De basis van het genoom is een molecuul van desoxyribonucleïnezuur zijn bekend als DNA. Alle genomen ten minste twee soorten informatie: de gecodeerde informatie over de structuur van moleculen intermediair (de zogenaamde RNA) en eiwitten (deze zijn in genen), alsook instructies die het tijdstip en de plaats van weergave van deze informatie bij het ontwikkelen van een organisme te bepalen. Genen zelf bezetten een klein deel van het genoom, maar is zijn basis. De gegevens die de genen - een soort geleider voor de productie van eiwitten, de bouwstenen van ons lichaam.

Voor een volledige karakterisering van het genoom geïncorporeerd onvoldoende aanwezige informatie over de structuur van de eiwitten. Meer informatie wenst over de elementen van de genetische inrichting die deelnemen aan de werkzaamheden van genen reguleren hun expressie in verschillende ontwikkelingsstadia en in verschillende situaties.

Maar zelfs dit is niet genoeg voor een volledige bepaling van het genoom. Want in het zijn er ook elementen die bijdragen aan de self-voortplanting (replicatie), compact pakket DNA in de celkern, en zelfs sommige nog vreemde gebieden, ook wel "egoïstisch" (dat wil zeggen, al was het maar voor de medewerkers zelf). Om al deze redenen, op het moment dat het gaat om het genoom, meestal rekening met de totaliteit van de DNA-sequenties in de chromosomen van de celkernen van een bepaald soort organismen, waaronder natuurlijk, en genen.

De omvang en structuur van het genoom

Het is logisch om te veronderstellen dat het gen, gen, chromosoom is verschillend in verschillende vertegenwoordigers van het leven op aarde.
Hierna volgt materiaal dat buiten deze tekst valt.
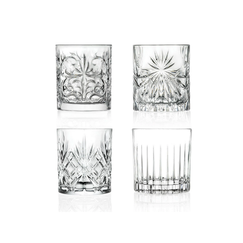 I set sono composti da 4 bicchieri dof o 4 bicchieri hb in 4 stili diversi, un Timeless, un Tattoo, un Oasis e il classico Melodia e sono l’ideale anche per essere utilizzati a tavola per acqua o succhi di frutta, per uscire dagli schemi e far scegliere ai tuoi ospiti lo stile che più li rappresenta.
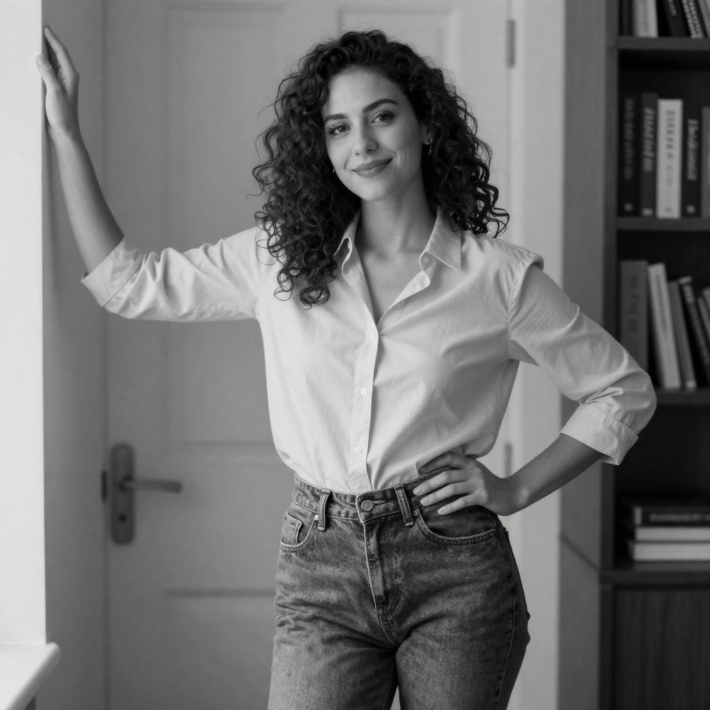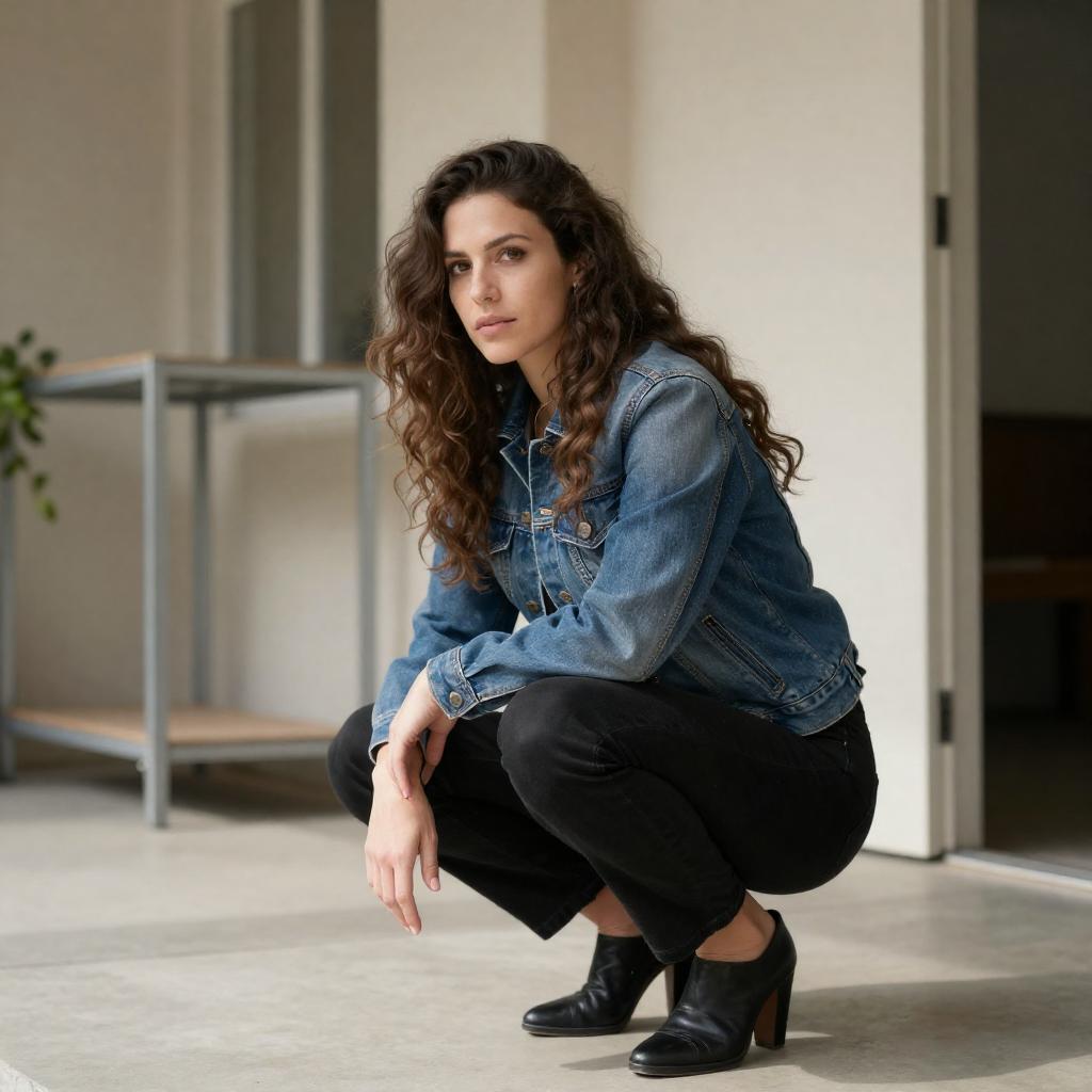 Photograph of a woman with long, wavy brown hair crouching in front of a beige building. She wears a blue denim jacket, black pants, and black shoes. Her right hand touches the ground while her left hand rests on her knee. Background includes metal shelves and green plants. Her face is partially visible, showing a focused expression. The building has a large, partially open door on the right. Sunlight casts shadows on the concrete floor.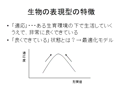 ■個体の「適応度」と「形質値」(たとえば花の大きさや嘴の大きさ)の間に何らかの関係があれば(たとえば、大きな嘴を持つ個体ほど適応度が高ければ)、「適応度」が高い状態へと進化が進む。「適応度」と「形質値」の関係が、図のように上に凸の曲線であらわされる場合には、形質は適応度がもっとも高い状態へと進化する。この状態は、最適化モデルで予測できる。

Ze kunnen zo oneindig klein en groot zijn en een miljarden paren van genen bevatten. Structuur van het gen zal ook afhangen van de vraag of u onderzoeken waarvan het genoom.

Door de verhouding tussen de grootte van het genoom en het aantal van de aangesloten genen van twee klassen te onderscheiden:

  1. Compact genomen die niet meer dan tien miljoen basen. Ze hebben een set van genen is sterk gecorreleerd met de grootte. Het meest karakteristieke van virussen en prokaryoten.
  2. Uitgebreide genomen uit meer dan 100 miljoen basenparen heeft geen relatie tussen de lengte en het aantal genen. Vaker voor bij eukaryoten. Het grootste deel van de nucleotidesequenties in deze klasse geen eiwitten of RNA coderen.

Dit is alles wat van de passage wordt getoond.